The younger guy frowned. “My technique is shit now?”
“Your listening skills are shit. Your technique isn’t much better. There were at least three opportunities, that if you would have listened, you could have easily gotten him into a rear-naked choke or an armbar, but you didn’t listen when Peter and I were yelling. You were too focused on forcing the offensive instead of doing a little defense and then sneaking in there to get him.” I motioned toward the fence just behind him. “Back up real quick. Let me show you.”
He listened, fortunately, and went to stand so his back was to it. I stopped right in front of him and then took it even closer so that we were literally pressed completely together with one of my knees wedged in between both of his. I wasn’t wearing the stretchiest pants I owned, but I could still move in them. I always did a few squats before I bought bottoms to make sure they weren’t too constricting. I never knew when someone might ask me for help, or when I’d feel up for it.

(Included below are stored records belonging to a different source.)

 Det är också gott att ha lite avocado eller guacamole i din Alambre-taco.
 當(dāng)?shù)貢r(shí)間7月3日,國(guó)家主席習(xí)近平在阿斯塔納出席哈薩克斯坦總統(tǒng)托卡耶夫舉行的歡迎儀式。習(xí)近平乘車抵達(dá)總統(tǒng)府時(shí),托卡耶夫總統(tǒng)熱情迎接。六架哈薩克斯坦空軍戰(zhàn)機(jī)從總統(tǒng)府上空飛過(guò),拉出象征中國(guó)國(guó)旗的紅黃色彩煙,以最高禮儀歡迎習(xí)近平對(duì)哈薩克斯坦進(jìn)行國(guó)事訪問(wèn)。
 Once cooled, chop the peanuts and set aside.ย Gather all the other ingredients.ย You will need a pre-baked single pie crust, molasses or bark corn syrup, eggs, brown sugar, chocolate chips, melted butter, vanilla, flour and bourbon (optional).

“Right here,” I told him. “I’m you. You had him against the fence, you could have lifted your knee”—I showed him—“swiveled your hip”—I showed him that too—“and then….”
And then I threw him. Over my hip, quick as lightning, I threw him when he least expected it and scrambled back onto the floor before he realized what was happening. I grabbed his arm while he was still confused, wrapped my feet and legs around it like I had done it a thousand times before—because I had done it at least ten thousand times—and then pulled.

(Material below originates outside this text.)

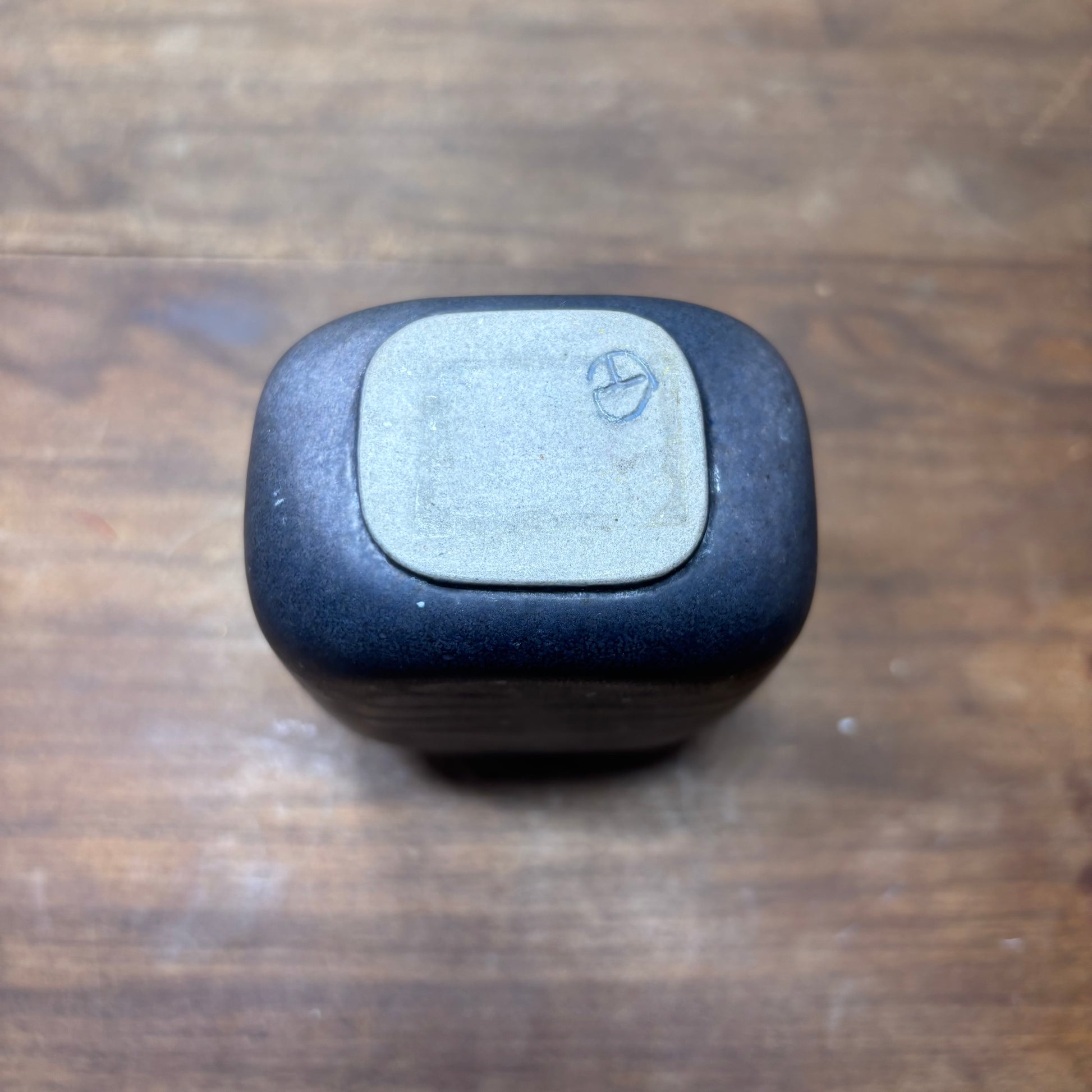 Dark glazed stoneware stamp signed small bud vase, 4” tall, 2.5” wide 1” opening
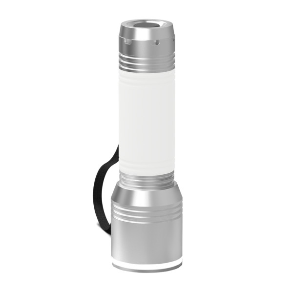 This powerful and rechargeable aluminium torch is an in-house design developed exclusively for the REEVES brand from REFLECTS. The torch is available in silver or black anodised finish, has a black carrying strap and can be combined with a silicone grip sleeve and/or a silicone ring. The silicone components are available in many different colours from Cologne. Of course it is also available without any silicone components.

He tapped out so fast I’d swear I heard Peter snicker. And just as quickly as he slammed his palm across the surface of the cage, I let him go. I wasn’t there to hurt him.
Even though I had pulled more than a handful of shoulders out of sockets in my day.
Hurting people because they didn’t want to tap out wasn’t something I got a fucking kick out of, unlike some people I had known. Feeling ligaments and tendons being torn, especially with my history, was just… not for me. I liked to win but not by genuinely causing someone pain.
So I’d give it to Carlos for tapping as fast as he did.
Somewhere deep down inside, he still was thinking at least.
I squeezed his shoulder before getting up, taking in his wide-eyed stare at the rafters of the ceiling. “You know better. That shouldn’t have been so easy. Clear your head. Focus. Listen. You can do this. Just think.” And with that, I squeezed his shoulder one more time then walked back out, raising my eyebrows at Peter as playfully as possible once I was totally out. “I’m going to get water while you talk to your boy. Do you want some?” I asked Peter as I slid my flip-flops back on.
Peter was trying to hide a grin, but I knew it was there as his mouth pinched together and he shook his head and started over toward the steps I had just come down. Just as he was beside me on his way into the cage, he grinned and patted me on the shoulder. “You still got it, Len.”
Damn right, I did.
It was hard not to smile at his comment, because… it did make me feel good. Maybe I didn’t regret giving up judo for Mo—and for my fucking self—but it was nice to know I could still hang in there if I wanted to risk it. Not that what I’d done had been a risk because I had been in control, and I’d used my good shoulder.
I was still trying not to smile when I lifted my head and spotted the figure standing at the far end of the room closest to the entrance. I knew that haircut, but it was the height and that damn body that really struck me.
It was Jonah.
I had seen him every single day over the last four. At the gym either during or after his workout. He would come by my office if I didn’t see him on a trip to the main building. Just yesterday he had gone with me to Mo’s daycare again to pick her up and drop her off with Mr. Cooper, a family friend who babysat his granddaughter just like my own gramps did. And every single night, he would get to the house right around six—when I got home—and stay until Mo passed out.